А однажды, ловко перебирая струнами, с каким-то внутренним огоньком глядя на понурых узников, в быстром темпе торжественно запел:
Мы кузнецы,
и дух наш молод,
куем мы счастия ключи.
Вздымайся выше,
наш тяжкий молот,
в стальную грудь сильней
стучи, стучи, стучи!
А ночью в гараж-бараке он вполголоса напевал тут же сочиненные частушки, которые с памфлетной меткостью били по врагу.
Через день артист исчез из лагеря… А на колючей проволоке с женской и мужской стороны сектора появилась табличка с надписью:
«К проволочному заграждению не подходить.
Часовой будет стрелять».
Тут же, как бы в подтверждение своих слов, гитлеровцы пулеметной очередью срезали одного паренька. Он упал, даже не вскрикнув, и повис на проволоке…
С первых же дней запомнился тип из «русской» администрации лагеря. В его обязанности входило дубасить пленных резиновой палкой в момент раздачи баланды. Два раза в день в лагерь привозили бочки с «варевом». Нальют половник, попробуешь — отвар травы, ни крупицы соли. К этому давали граммов сто хлеба, который хрустел на зубах, очевидно, в тесто добавляли древесную муку или песок. Хлеб был черствый, безвкусный, как будто был испечен лет двадцать назад. Баланды и хлеба на всех не хватало, поэтому в момент раздачи всегда образовывалась давка и суматоха. Здесь-то и отличался этот тип из «русской» администрации, прозванный «обермерзавцем». Предатель, оказывается, хвастался, что сдался в плен добровольно 21 июня.

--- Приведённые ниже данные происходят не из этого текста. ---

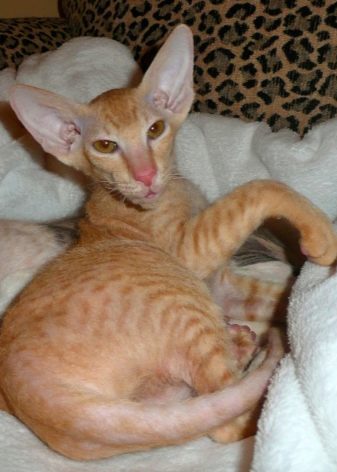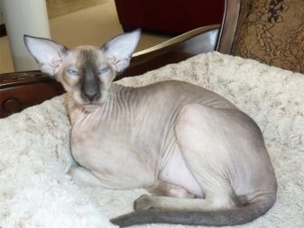 - Veluuri kissanpennut. Heidän hiuksensa ovat koko vartalonsa, mukaan lukien tassut ja häntä. Iän myötä tämä rotu oli kalju kaikkialla, raajoja lukuun ottamatta.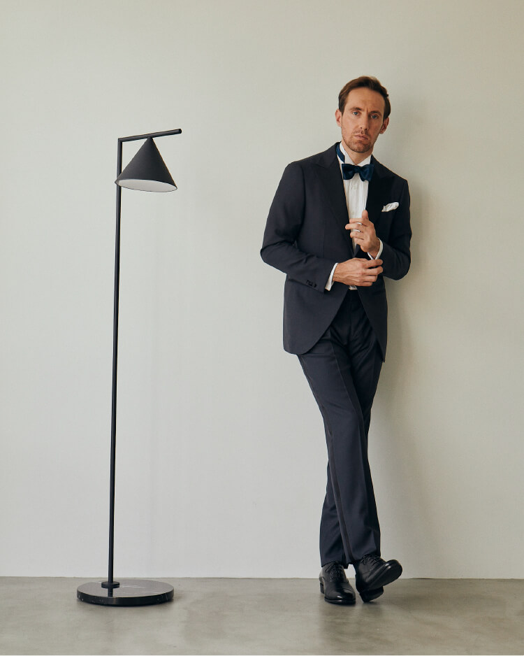 パーティや結婚式など、特別な日にフォーマルウェアを自然と装える大人を目指したいもの。ドーメル社の生地「バラシア325」は現代に求められる機能を持ち合わせた高級ウール。固く見えがちなタキシードも、柔らかく通気性があり、シワの復元性に優れています。側章のラインが施された組下もドレッシーです。

— Война началась двадцать второго, а он двадцать первого в плен попал, — говорили в лагере.
— Это сверхмерзость.
— Обермерзость.
— Одним словом: обермерзавец.
После раздачи дневной баланды люди расходились по лагерю, собирались группками, шушукались, слонялись в безделье, валялись на соломе, не зная, как убить время, не зная, что будет дальше.
Вечером, не дав доесть крохотную порцию все той же баланды, немцы спускали свору овчарок и вместе с обермерзавцем с гиканьем, свистом, рассыпая побои направо и налево, загоняли людей, словно стадо овец, в бараки. Собаки хватали несчастных, разрывая одежду, вгрызаясь клыками в тело… Было что-то дикое в этих фашистах, что-то от первобытных дикарей. Не верилось, что это не сон, что такое может твориться в двадцатом веке.
Гитлеровцы придумали нам и «работу»: мы подолгу стояли на бесчисленных поверках. А сосчитать военнопленных немцам, видимо, было очень трудно. Они проверяли нас и по фамилиям, присваивали номера, потом эти номера меняли, давали новые, потом несколько раз всячески меняли порядок построения. Сначала нам было непонятно: зачем это? Но когда кого-нибудь на поверке не обнаруживалось, стало ясно, что люди из лагеря различными путями убегают. Непоколебимая воля к борьбе и смекалка обреченных была сильнее охраны и колючей проволоки. После каждой проверки снова и снова осматривались заграждения, вывешивались разные предупредительные надписи.
Для осмотра и ремонта проволочных заграждений фашисты привлекали и пленных. Однажды в такую группу попали и мы. Немец завел нас в гараж. Это служебное помещение только одной стеной выходило в лагерь. Здесь была когда-то мастерская. Нам приказали взять связки проволоки, колья, гвозди и топоры. Мы осмотрелись. На полуразвалившемся горне лежали длинные ржавые ножницы для резки железа… Ванюшка толкнул меня, кивнув на них, и мы поняли друг друга. Я улучил минуту, когда немец отвернулся, и быстро засунул ножницы в рукав своей свитки.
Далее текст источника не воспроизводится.